### Task goal
In the material below, find each line holding the string "with" and copy it.

+---+

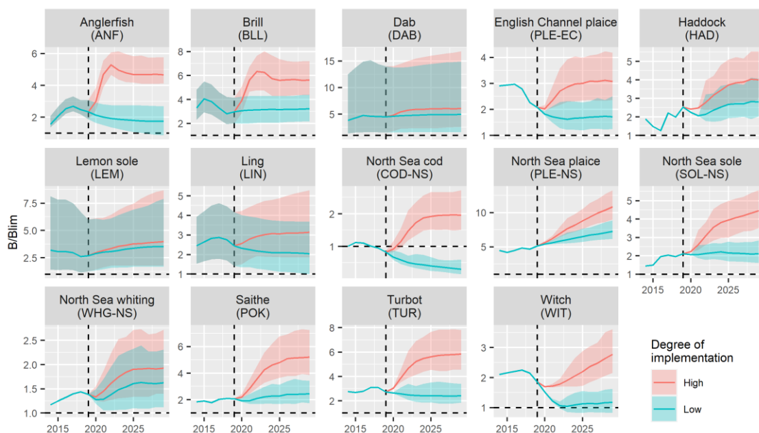
Figure 1: Spawning stock biomass (B) relative to limit biomass (Blim) per stock and scenario. Median values (colored lines) and uncertainty ranges (shaded areas; 5% and 95% percentiles) from 100 model runs are shown. The start of the simulations (2019) and the reference line B/B_{lim} = 1.0 are shown as dashed lines. Scenarios differ in the degree of implementation of the landing obligation ("High" – strict implementation: fleets stop fishing once the first quota is exploited; "Low" – low degree of implementation: fishing does not stop when the first quota is exploited, but continues until the fishing effort from the previous year is reached). Source: adapted from ProByFish Final Report (2021).

Further details can be found in the ProByFish Final Report (2021).
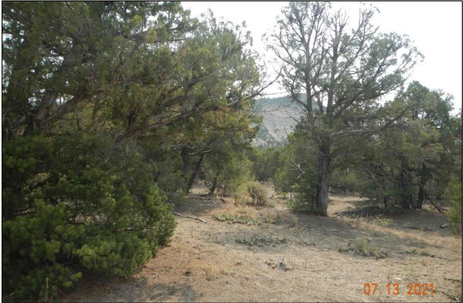
Photo 5. View the reference area comprised of pinyon and juniper woodland with understory of prickly pear, squirreltail, sagebrush, and gambel oak.
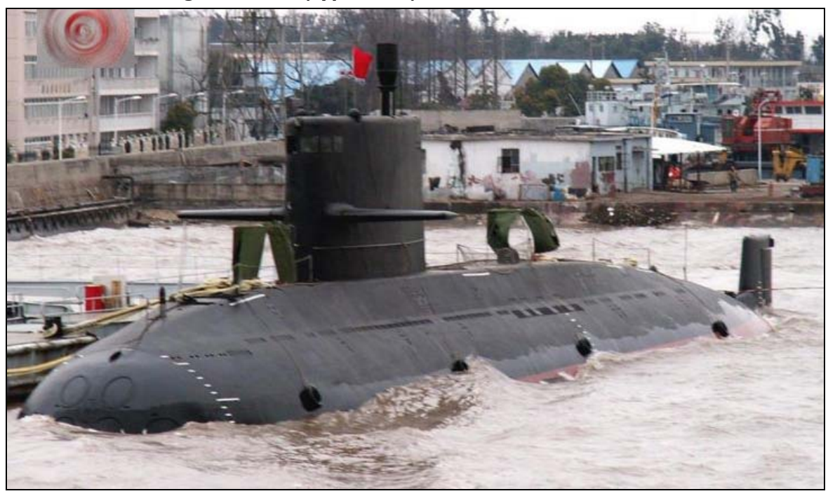
Figure 2. Yuan (Type 039A) Class Attack Submarine

China seeks some high-tech components and certain major end items, particularly from Russia, that it has difficulty producing domestically. China is pursuing... a new joint-design and production program for diesel-electric submarines based on the Russian PETERSBURG/LADA-class.<sup>30</sup>
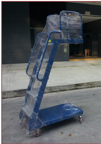
Ladder Trolley LT 5

For safety purpose additional gas spring are designed to prevent contact with pinch points.
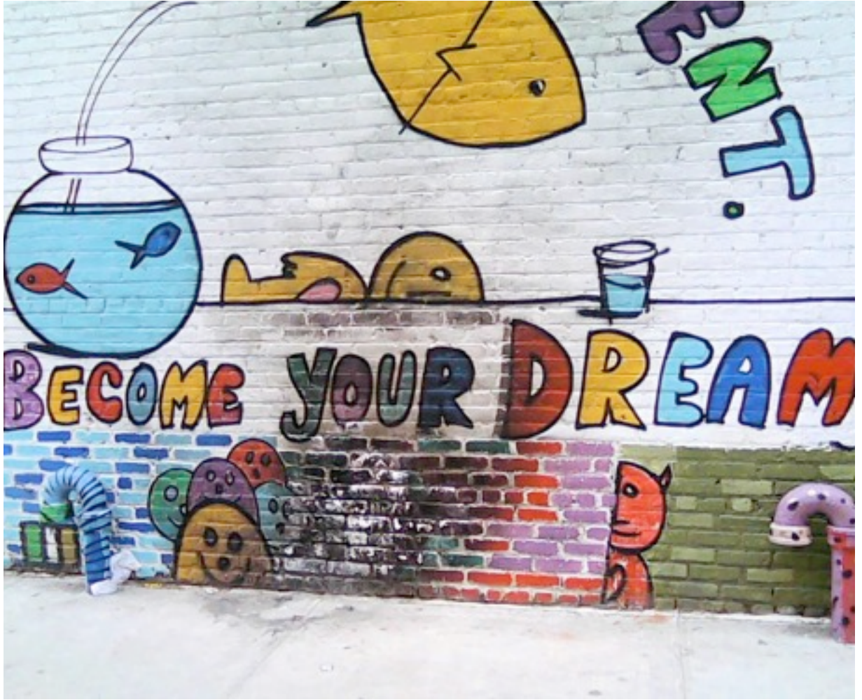
Seen on walls
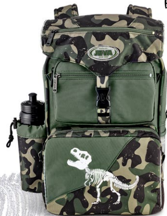
313-59 BEGINNERS T-rex
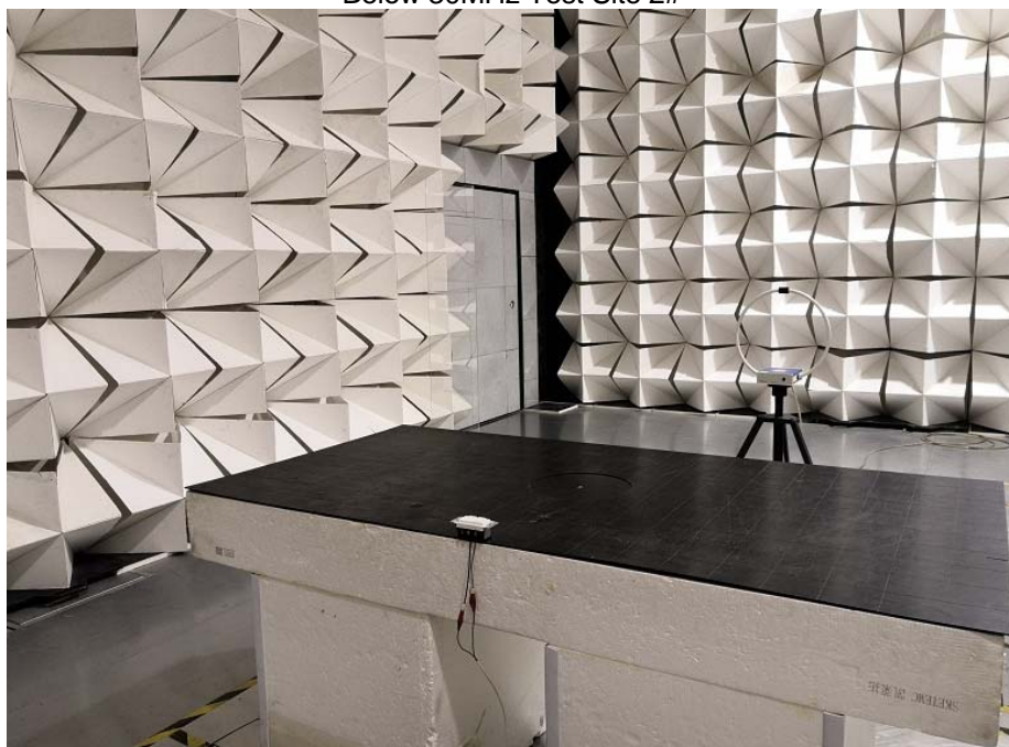
Below 30MHz Test Site 2#
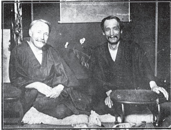
A JAPANESE POET'S SMILE (RIGHT)—PAGE. 36
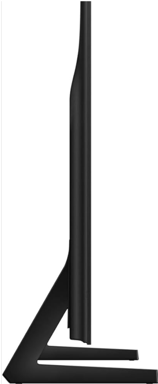
Image: Side profile of the Samsung QN55S85FAFXZA TV, illustrating its slim design and the attached stand.
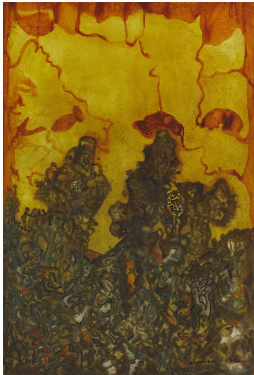
Landscape II Vegetable colour on handmade paper 43 x 29 in. (109 x 74.5 cm.) 2021 Kolkata
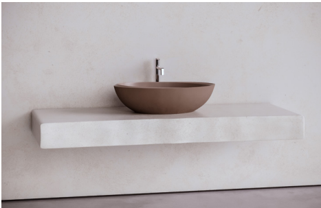
BROWN ELEVATED CONCRETE BROWN INTERIOR EC-S2-BROWN
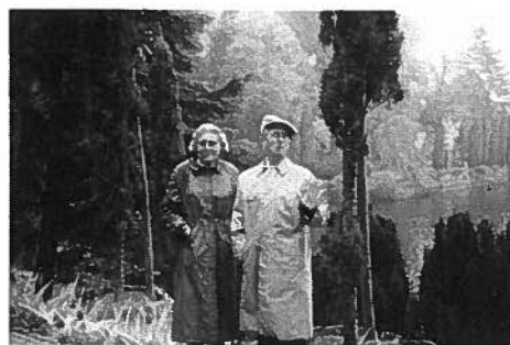
GNF Collection -44 BK5-PT44.jpg
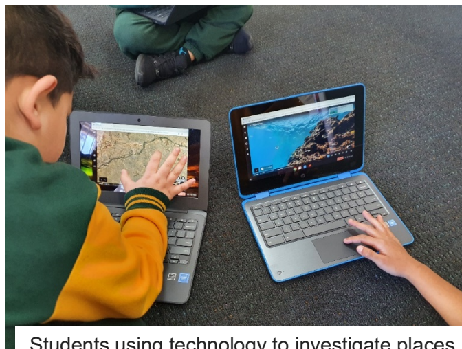
Students using technology to investigate places around the world.
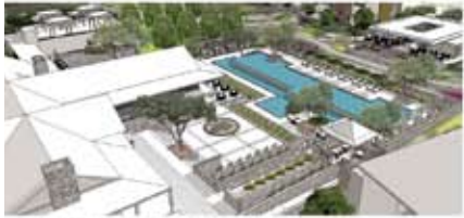
VIEW TO MAIN FACILITIES AND POOL
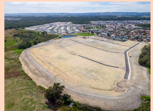
Kingston Estate, Australind
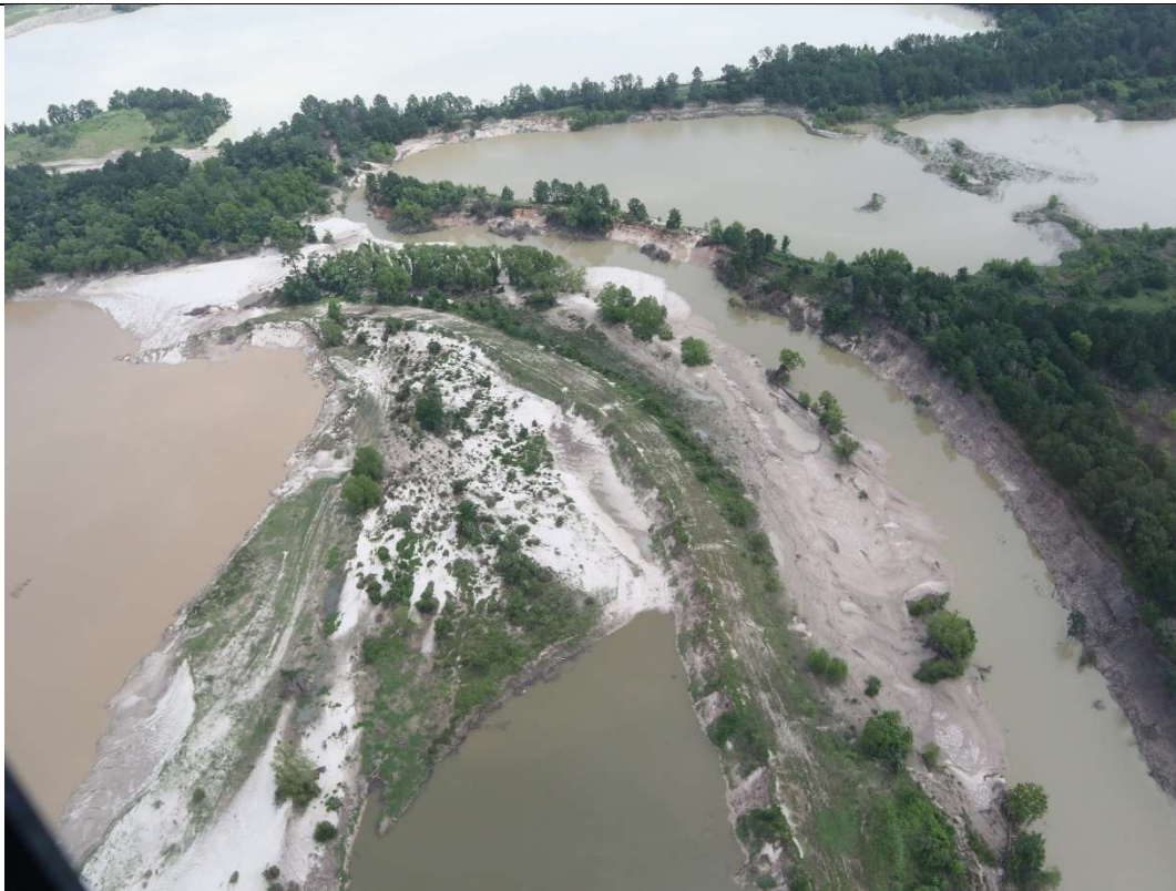
Photo No. 2: Sediment accumulations were noted at the West Fork San Jacinto River which appeared to have rerouted the river into the former APO dredging pit.
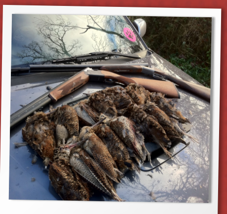
NICE BAG AM ON POINTERS
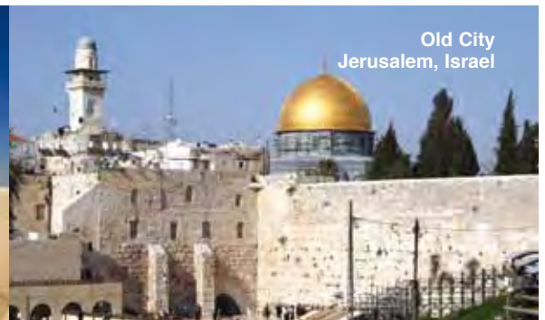
Old City Jerusalem, Israel

+---+

### Output of the exercise
Photo 5. View the reference area comprised of pinyon and juniper woodland with understory of prickly pear, squirreltail, sagebrush, and gambel oak.
For safety purpose additional gas spring are designed to prevent contact with pinch points.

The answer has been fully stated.